START Data extracts

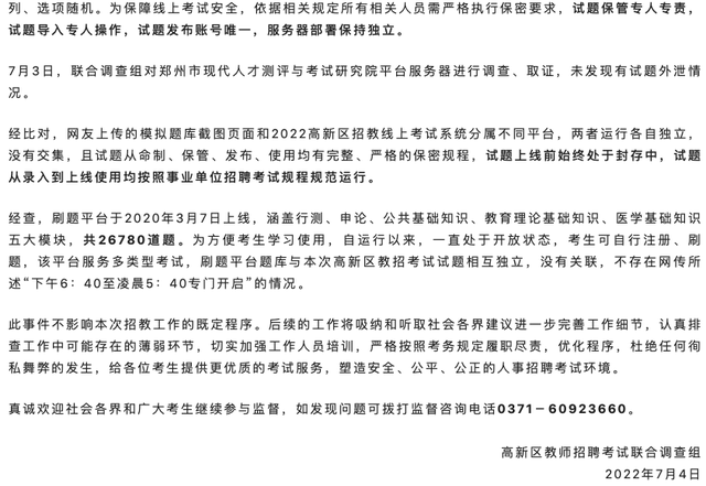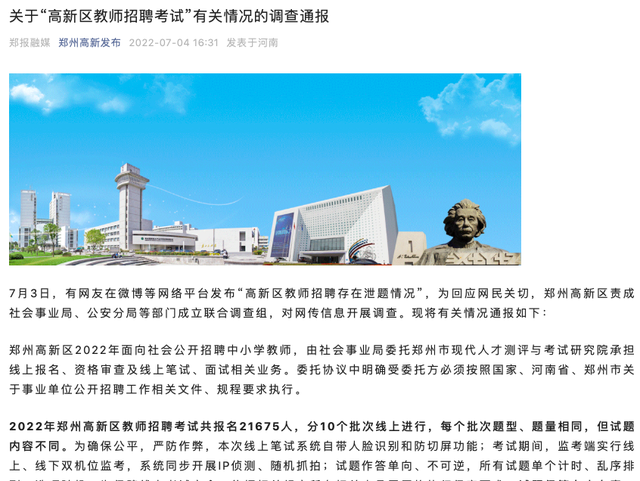 7月3日,有网友在微博等网络平台发布“高新区教师招聘存在泄题情况”,为回应网民关切,郑州高新区责成社会事业局、公安分局等部门成立联合调查组,对网传信息开展调查。现将有关情况通报如下:
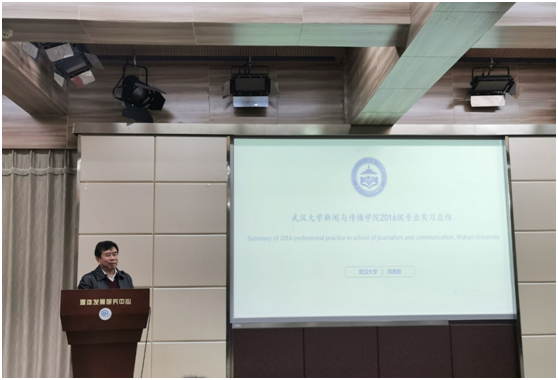 实习领导小组组长周茂君教授从实习区域和实习单位分布等方面,将2016级本科生实习情况与之前做了对比,对2016级本科生实习情况作了总结。他提出2019年的实习在以下几个方面呈现新特点:一是实习地域分布上,北京成为实习主要去向,而长沙增长明显,广州、上海、深圳略有减少,武汉有回流趋势。二是实习单位类型上,互联网单位虽仍然为主要去向,但进入传统媒体实习的人数增长不少。在传统媒体实习人数回流这一现象上,周老师认为学院出台的鼓励政策发挥不小作用。三是专业实习特点上,“触网”势头明显,既有原创内容生产,又有新媒体技术应用、产品运营,还有UI设计、交互设计和网站作品开发等等。最后他也提到,目前第一版主 本科生实习工作中仍存在一些不足,如少数同学将学院实习推荐当作备选、实习期间过于娇气等等。
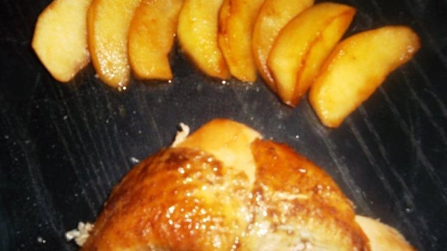 Après 50 min de cuisson ajouter les pommes à la pintade. Laisser cuire encore 10 min et servir avec une purée de pommes de terre.
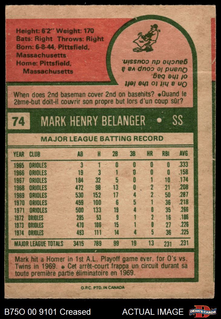 1975 O-Pee-Chee #74 Mark Belanger 2 - GOOD
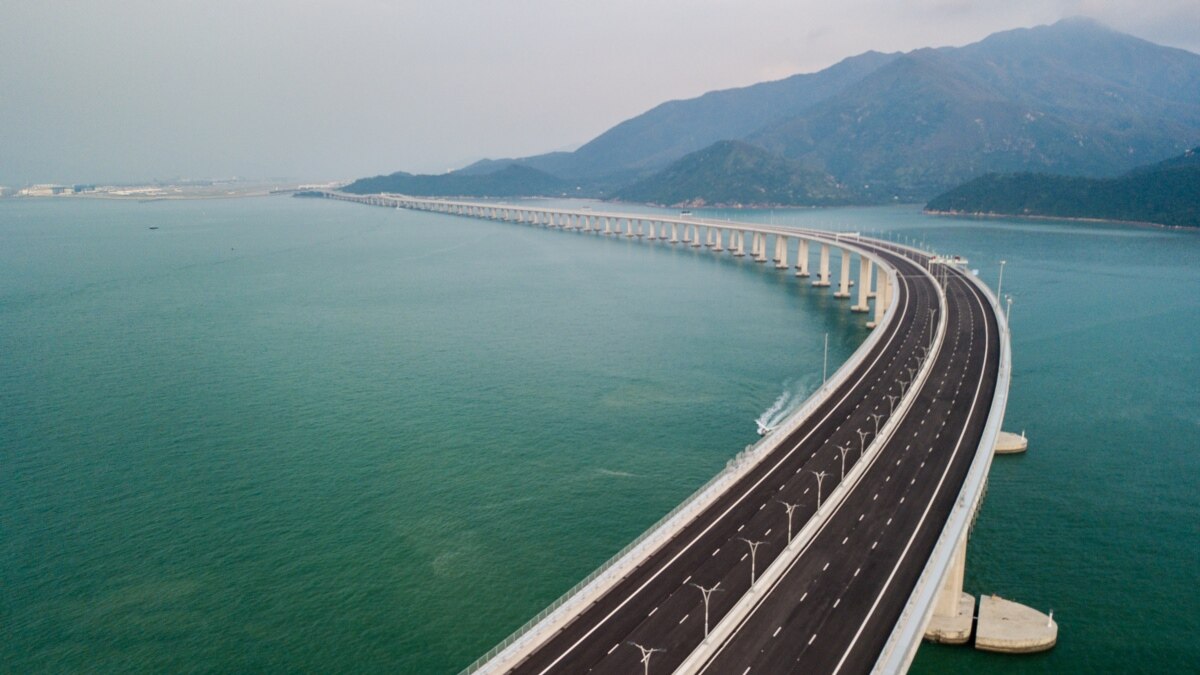 GrinPhoto Мост уходит в море . Автомобильный мост через реку идет к горизонту . Длинный мост уходит вдаль . Концепция - строительство дорог . Залив с бриллиантами на фоне голубого неба .

END Data extracts

Aim of the exercise
The answer must be an exact transcription of the lines from the one containing "1975 O-Pee-Chee #74 Mark Belanger 2 - GOOD" through the last line of the records above, both included, with no pictures.

Result
 1975 O-Pee-Chee #74 Mark Belanger 2 - GOOD
 GrinPhoto Мост уходит в море . Автомобильный мост через реку идет к горизонту . Длинный мост уходит вдаль . Концепция - строительство дорог . Залив с бриллиантами на фоне голубого неба .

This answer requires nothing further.